S3 vs HDFS – Comparing Technologies in the Big Data Ecosystem

Blog | September 14, 2020 | By USEReady

Comparing Amazon S3 and HDFS: A Comprehensive Guide

Understanding the Differences Between S3 and HDFS for Big Data Storage

Choosing the Right Data Storage Solution: S3 vs HDFS

How is big data stored in the cloud?

For the better part of the last decade, Hadoop has served as the industry standard mechanism for storing big data with HDFS acting as its core architectural achievement. Although Hadoop has dominated market share of big data storage, cloud technologies have emerged as a viable alternative to on-premises data storage. A cloud technology that offers a similar use case as Hadoop is AWS’s S3 storage solution. If you are using Amazon’s cloud computing infrastructure in big data projects, S3 is an ideal fit. However, there are several differences between Hadoop and S3. S3 is an object store, and therefore is not strictly used as a file system. S3 accesses and stores objects using the key/object relationship. S3 also uses an eventually consistent model, similar to what you would find with NoSQL storage design. Instead of partitioning and bucketing, S3 employs data sharding*, which allows you to split and store a single dataset

*Sharding can result in vertical or horizontal logical shards/partitions (see below)

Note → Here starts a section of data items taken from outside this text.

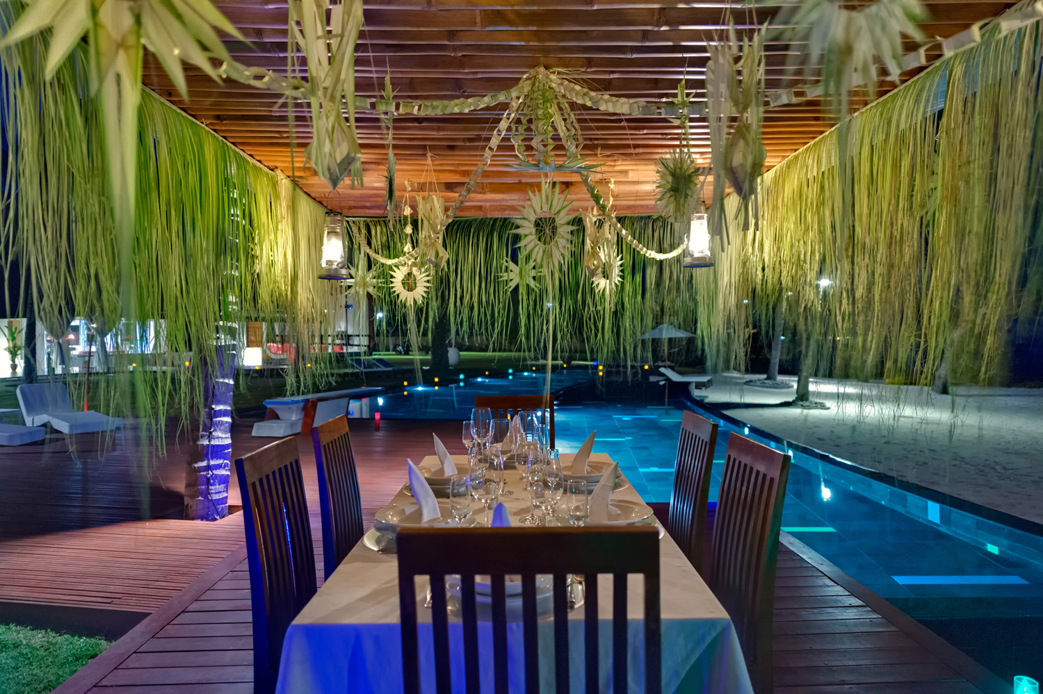 Visual delights unfold at each step across the white stone steps traversing the koi pond at The Anandita. A commanding sandstone screen offers snippets of the spectacular garden that stretches beyond the entertainment deck and swimming pool, to the private Sira Beach. With acres of space and four bedrooms, The Anandita is another fabulous tropical island wedding venue to consider.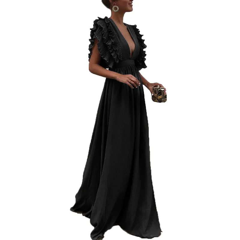 Wholesale Women's Swing Dress Elegant Sexy Plunging Neck Ruffles Backless Short Sleeve Solid Color Maxi Long Dress Banquet Cocktail Party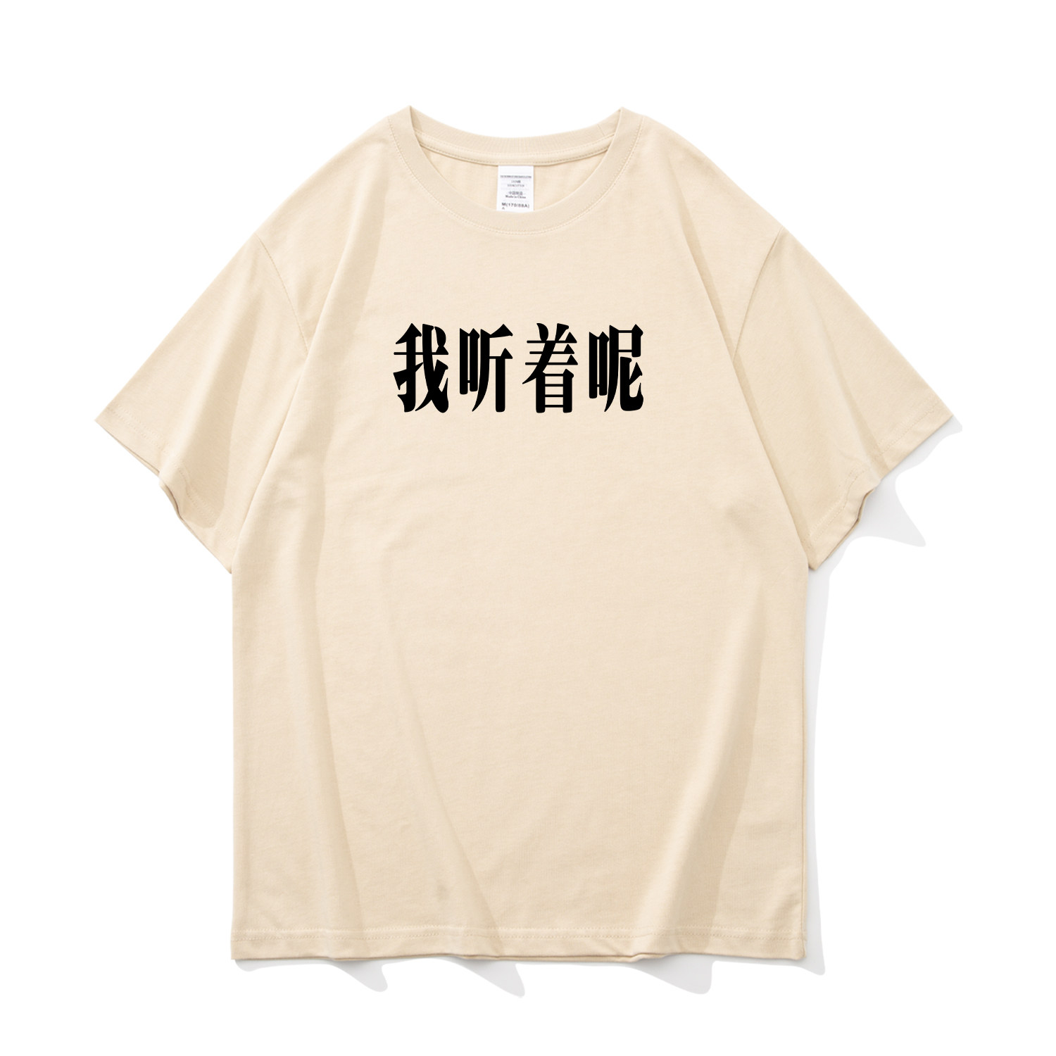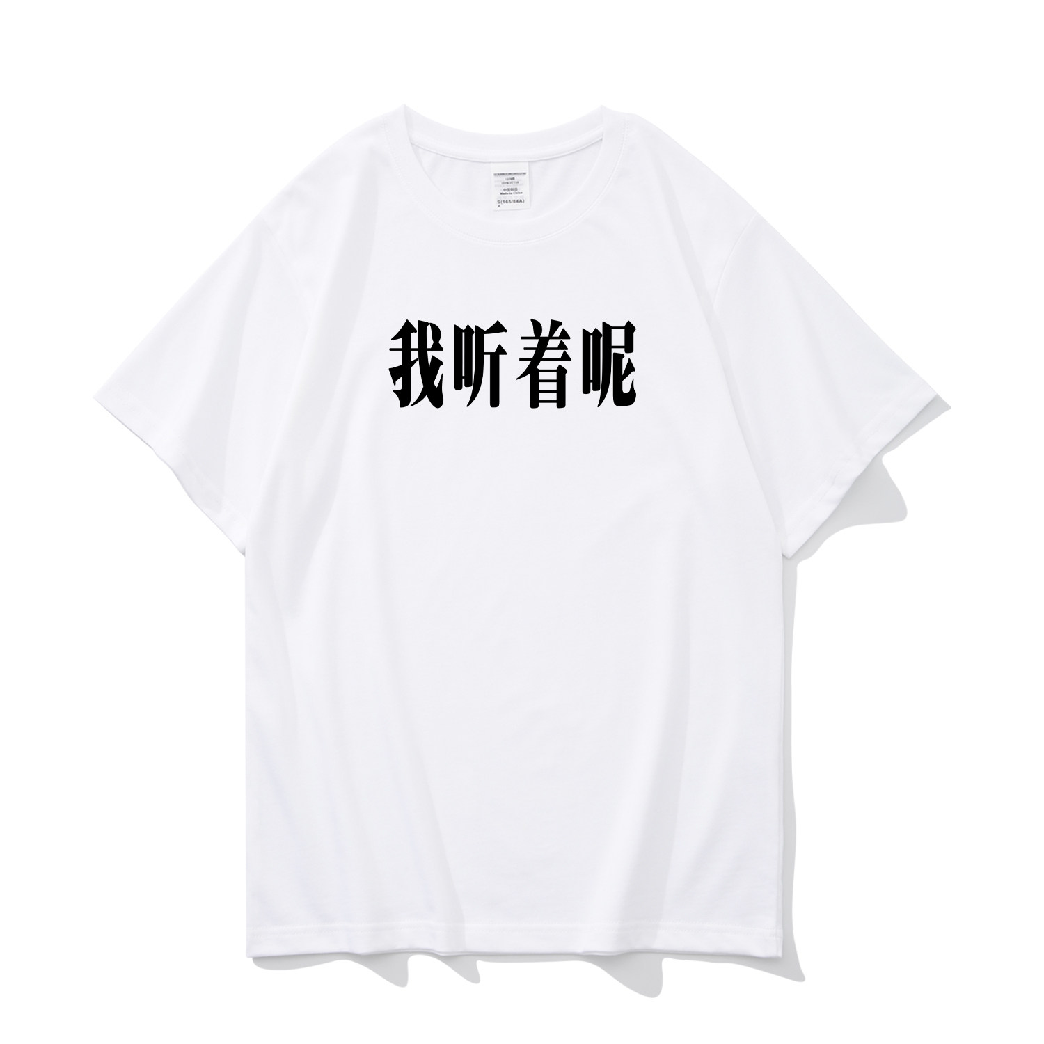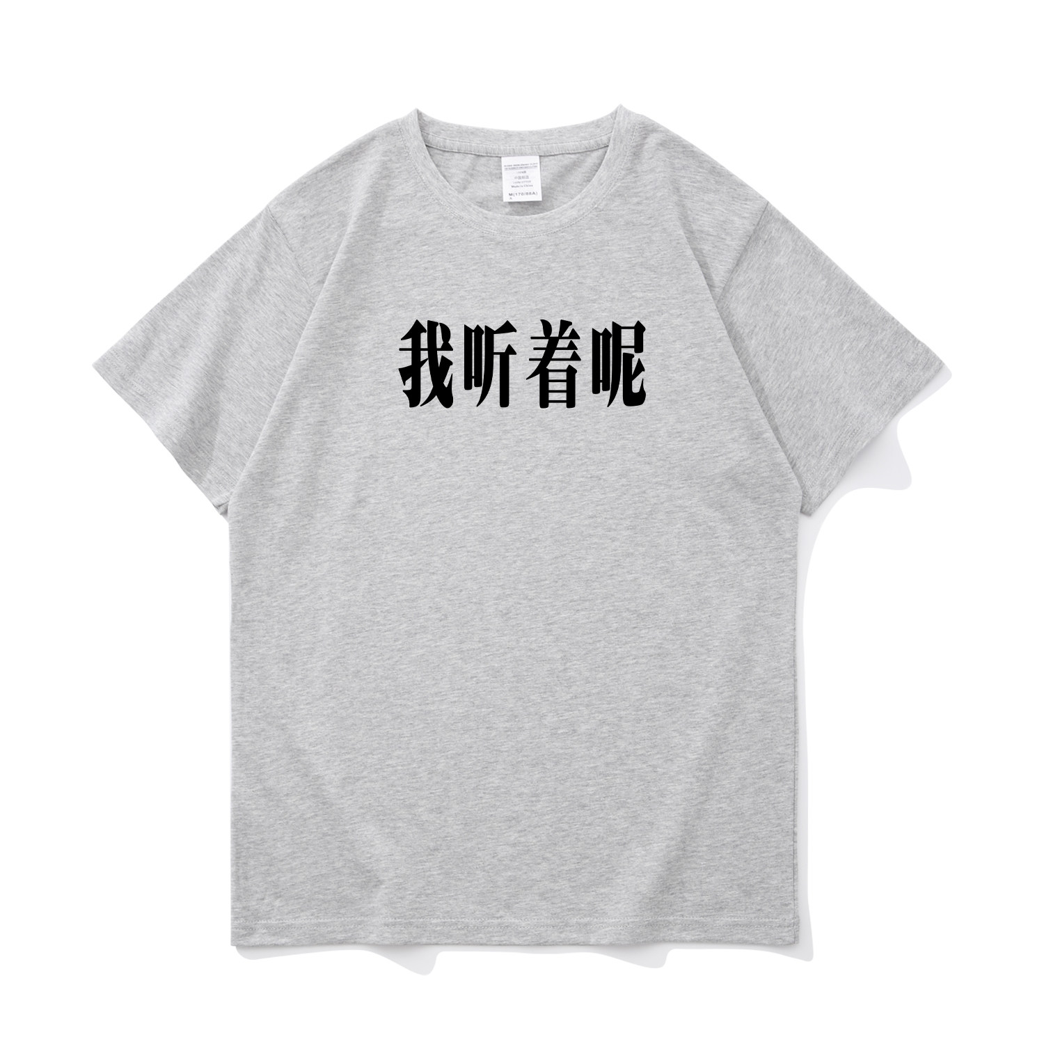 我听着呢 搞笑文字纯棉t恤短袖男夏季宽松休闲大码圆领打底衫体恤

Introduction to Amazon S3 and HDFS

Key Features and Capabilities of Amazon S3

Exploring Hadoop Distributed File System (HDFS)

Comparing Performance, Scalability, and Cost of S3 and HDFS

Considerations when deciding between S3 and Hadoop

Scalability

S3 allows you to de-couple your computing infrastructure from your storage needs. You can store all your data in S3 and you don’t have to monitor your storage. You can easily scale up and add nodes to your cluster in the cloud. With HDFS, increasing storage space requires larger hard drives to already existing nodes or simply adding more nodes to the cluster. However, this process is slow and expensive.

Cost

If you can easily predict your storage needs and can assume that they will remain stable, an on-premises solution such as Hadoop could be more cost effective. However, as a company’s storage and computing needs evolve, S3 becomes far more cost effective due to its ability to auto-scale. Furthermore, there’s a significant labor cost savings with opting for S3. While it may take a team of Hadoop engineers to maintain HDFS, S3 requires much less active maintenance. From an architectural standpoint, HDFS also automatically creates 3 copies* of each block of data. This means that storage costs account for triple the storage necessary for the baseline data. With S3, AWS backs up the data automatically and the customer only pays for the data that needs to be stored instead of its replicas.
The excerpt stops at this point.